A good team leader will make sure that the less vocal members of staff also get a word in. Seibt recommends that the lowest in the pecking order, for example, a young colleague just joined, should present his or her point of view first, before anybody more persuasive gets the floor.

Rudloff too sees it as a definite boon to exploit the creativity and freshness of thinking of a company’s recent additions. “As a rule of thumb for the composition of the participations: 50 per cent should be people directly involved, 25 per cent experts and 25 per cent independents.”

Where chatterboxes are concerned, the experts are unanimous in recommending a fixed set of rules for the whole group. If the participants can agree on a time schedule, the person in charge of the meeting can stop the talkers without becoming personal. A rule could be included, for example, which limits each speaker to three minutes, says Kany.

It is much more difficult to get quiet people to contribute their knowledge as well. Rudloff suggests that the participants should first right down their proposals to solve a problem on a piece of paper or to take time away to work on it in a smaller group.

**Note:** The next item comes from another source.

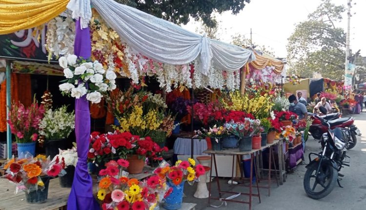 চুয়াডাঙ্গা শহরের ফুলের দোকানিগুলোতে বাহারি সব ফুল দিয়ে পসরা বসিয়েছেন। এসব দোকানেও ক্রেতারা ভিড় করেন ফুল কেনার জন্য। পয়লা ফাল্গুন আর ভালোবাসা দিবসকে ঘিরে কদর বেড়েছে সব ধরনের ফুলের। এ জন্য দামও বেড়েছে কয়েকগুণ। অন্য সময় ১০ টাকায় বিক্রি হওয়া একটি লাল গোলাপের দাম হাকানো হচ্ছে ৫০ টাকা। তবুও ভালোবাসার মানুষের জন্য ফুল কিনতে দোকানে দোকানে ভিড় জমাচ্ছেন ক্রেতারা। ব্যস্ত সময় পার করতে দেখা যায় ফুল ব্যবসায়ীদের। এতে করে ফুল বেচাকেনার জন্য নির্ধারিত স্থানের সীমানা পেরিয়ে ফুটপাতেও নানা রঙের ফুল বিক্রি করতে দেখা যায়।
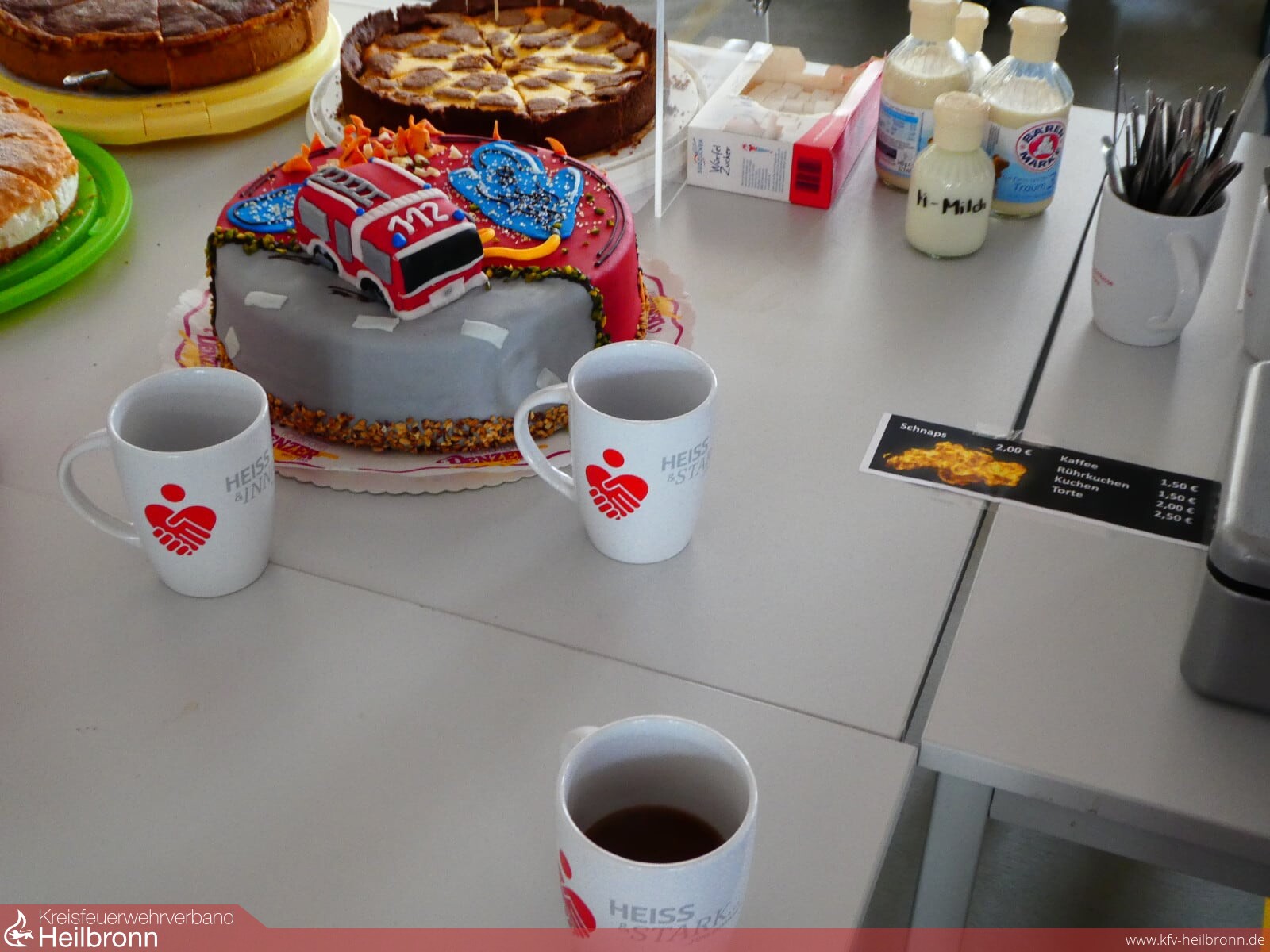 Die begleitenden Eltern und natürlich alle übrigen Besucher hatten derweil die Gelegenheit, das umfangreiche kulinarische Angebot und den beliebten Mittagstisch zu genießen. Auch das mit 35 selbstgebackenen Kuchen sehr gut bestückte und von der Altersabteilung hervorragend betreute Kuchenbüfett fand reisenden Absatz. Dabei kamen zum ersten Mal auch die neuen Ehrenamts-Tassen zum Einsatz. Die Kreissparkasse Heilbronn hatte aus Nachhaltigkeitsgründen unter ihren ehrenamtlich tätigen Mitarbeitern 10 x 200 dieser schönen Ehrenamts-Tassen verlost. Eines dieser Lose traf die Freiw. Feuerwehr Oedheim, wo diese tolle Aktion sehr wohlwollend zur Kenntnis genommen wurde.

The non- talkers could explain their suggestions in front of the group afterwards. If the chairperson is a member of management, it may be worthwhile if the rest of the group are left alone for a time so that they can chew over spontaneous ideas unhindered.

In order to turn creative ideas into practical solutions, the meeting leader should set down any firm results on a flip-chart, says Kany. “Using visualisation techniques, you can stick to a result and those present can see that it’s binding.

Passages noting down afterwards in the minutes, on the other hand, are often greeted by denials or their author’s distancing from the statements. “If you ask everyone there and then: ‘Is this it then?’, you can see where resistance is straight away,” says Kany.

Seibt’s advise is that at the end of the meeting the participants jointly make up a list of tasks containing the names of the people responsible for their completion and the time frame in which they should be done or where interim results can be presented.

Rudloff believes it is enough to draw up the protocol by hand or just to keep keywords. It should be copied immediately and handed out to the others there – and not sent a week later by e-mail as is often the case.

With all these flip-charts, transparencies and minutes it shouldn’t be forgotten that real people come up against each other at meetings. Rudloff says it is not feasible to hope for 100-per-cent efficiency at such get-togethers. “Sixty per cent of the time should be set aside for planned topics, 20 per cent for the unpredictable and 20 per cent for social issues.”

Psychologist Hagen Seibt points to the American meeting culture in which the first ten minutes is reserved quite naturally for questions regarding spouses and children.

And when management allows, says Rudloff, the final moments of the meetings lend themselves excellently to raising a glass of bubbly on the occasion of a birthday or anniversary.